◆ Try it ◆
When a picture appears in the listing, leave it out and copy the rest exactly as it stands.

◆ Collected data ◆
┏━━
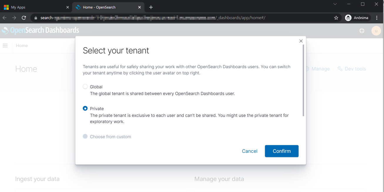 Nota: Tenants no OpenSearch Dashboards são espaços para salvar padrões de índice, visualizações, painéis e outros objetos do OpenSearch Dashboards. Por padrão, todos os usuários do OpenSearch Dashboards têm acesso a dois tenants: Privado e Global. O tenant global é compartilhado entre todos os usuários do OpenSearch Dashboards. O tenant privado é exclusivo para cada usuário e não pode ser compartilhado.
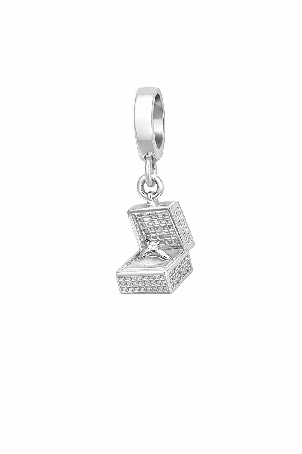 Delicado e cheio de significado, este berloque em prata representa uma charmosa caixinha de anel aberta com solitário em destaque — símbolo de amor, compromisso e momentos inesquecíveis. Um design romântico e sofisticado que adiciona brilho e emoção à sua composição.
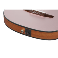 It has less feedback as there’s no sound hole on the body top. Fan bracing, which is commonly used for classical guitars, allows this guitar to have a warm and natural nylon string sound.
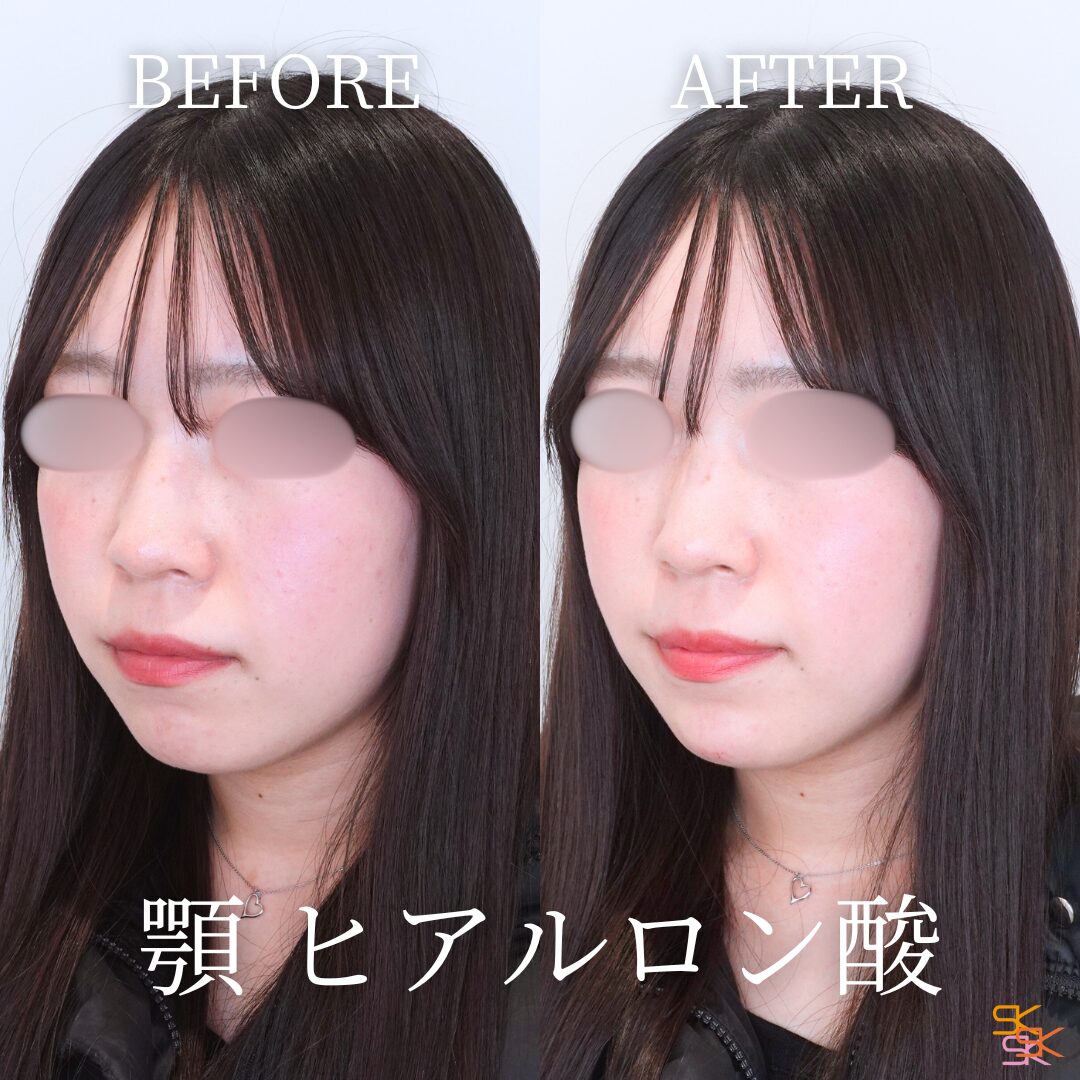 顎の形を整え、フェイスラインを美しく見せる施術です。ヒアルロン酸を顎に注入することで、顎を前に出してシャープにしたり、Eラインを整えたりすることができます。
┗━━
◆ Output of the task ◆
 Nota: Tenants no OpenSearch Dashboards são espaços para salvar padrões de índice, visualizações, painéis e outros objetos do OpenSearch Dashboards. Por padrão, todos os usuários do OpenSearch Dashboards têm acesso a dois tenants: Privado e Global. O tenant global é compartilhado entre todos os usuários do OpenSearch Dashboards. O tenant privado é exclusivo para cada usuário e não pode ser compartilhado.
 Delicado e cheio de significado, este berloque em prata representa uma charmosa caixinha de anel aberta com solitário em destaque — símbolo de amor, compromisso e momentos inesquecíveis. Um design romântico e sofisticado que adiciona brilho e emoção à sua composição.
 It has less feedback as there’s no sound hole on the body top. Fan bracing, which is commonly used for classical guitars, allows this guitar to have a warm and natural nylon string sound.
 顎の形を整え、フェイスラインを美しく見せる施術です。ヒアルロン酸を顎に注入することで、顎を前に出してシャープにしたり、Eラインを整えたりすることができます。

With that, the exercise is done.